Video Conferencing (Zoom-class)
Problem statement
Host 1000+ participant webinars, screen share, recording, breakout rooms, with low latency media and region-based media servers.
How it works
- WebRTC mesh only for tiny calls; SFU (Selective Forwarding Unit) for large calls — server forwards streams without mixing (unless needed).
- Signaling over WebSocket; TURN servers for NAT traversal.

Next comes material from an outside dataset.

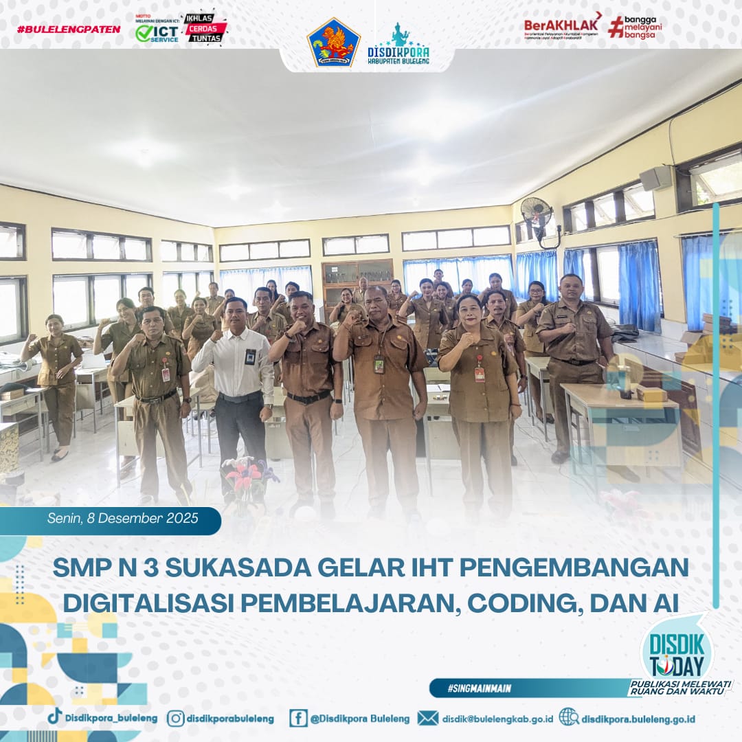 SMP Negeri 3 Sukasada mengambil langkah proaktif dalam meningkatkan mutu pendidikan dengan menyelenggarakan kegiatan In House Training (IHT) Pengembangan Digitalisasi Pembelajaran Mendalam, Coding, dan Kecerdasan Artifisial (AI). Acara ini resmi dibuka pada hari Senin (8/12) dan akan berlangsung selama empat hari, hingga Kamis, 11 Desember 2025.

Analogy: Conference call operator (SFU) passes audio lines through without mixing everyone into one tape unless you ask for MCU mode (expensive mixing).
High-level design
Rendering diagram…
Components explained — this design
| Component | What it is | Why we use it here |
|---|---|---|
| Signaling WS cluster | SDP/ICE negotiation channel. | WebRTC still needs signaling even though media is peer/SFU routed. |
| SFU media servers | Forwards RTP streams without mixing (usually). | Scales participant count better than mesh (N² connections). |
| TURN coturn / Twilio | Relay when UDP blocked by NAT/firewall. | Connectivity completion; 443/TLS mode for strict networks. |
| Recorder → S3 | Captures mixed or per-track recording. | Compliance / replay; heavy CPU so isolated autoscaled pool. |
| Room state Redis | Ephemeral membership, speaker flags. | Fast updates; TTL cleans crashed rooms. |
Shared definitions: 00-glossary-common-services.md
Low-level design
Selective forwarding
- Each client uploads simulcast layers (low/mid/high); SFU picks layer per downstream bandwidth estimate.
Recording
- Compositor service (headless FFmpeg / GStreamer) subscribes like client; writes HLS chunks to S3; Egress cost heavy.
Scale-out
- Room affinity sticky to SFU cluster shard; cross-region only if compliance allows.
Security
- DTLS-SRTP encryption in transit; E2E optional (insertable streams experimental).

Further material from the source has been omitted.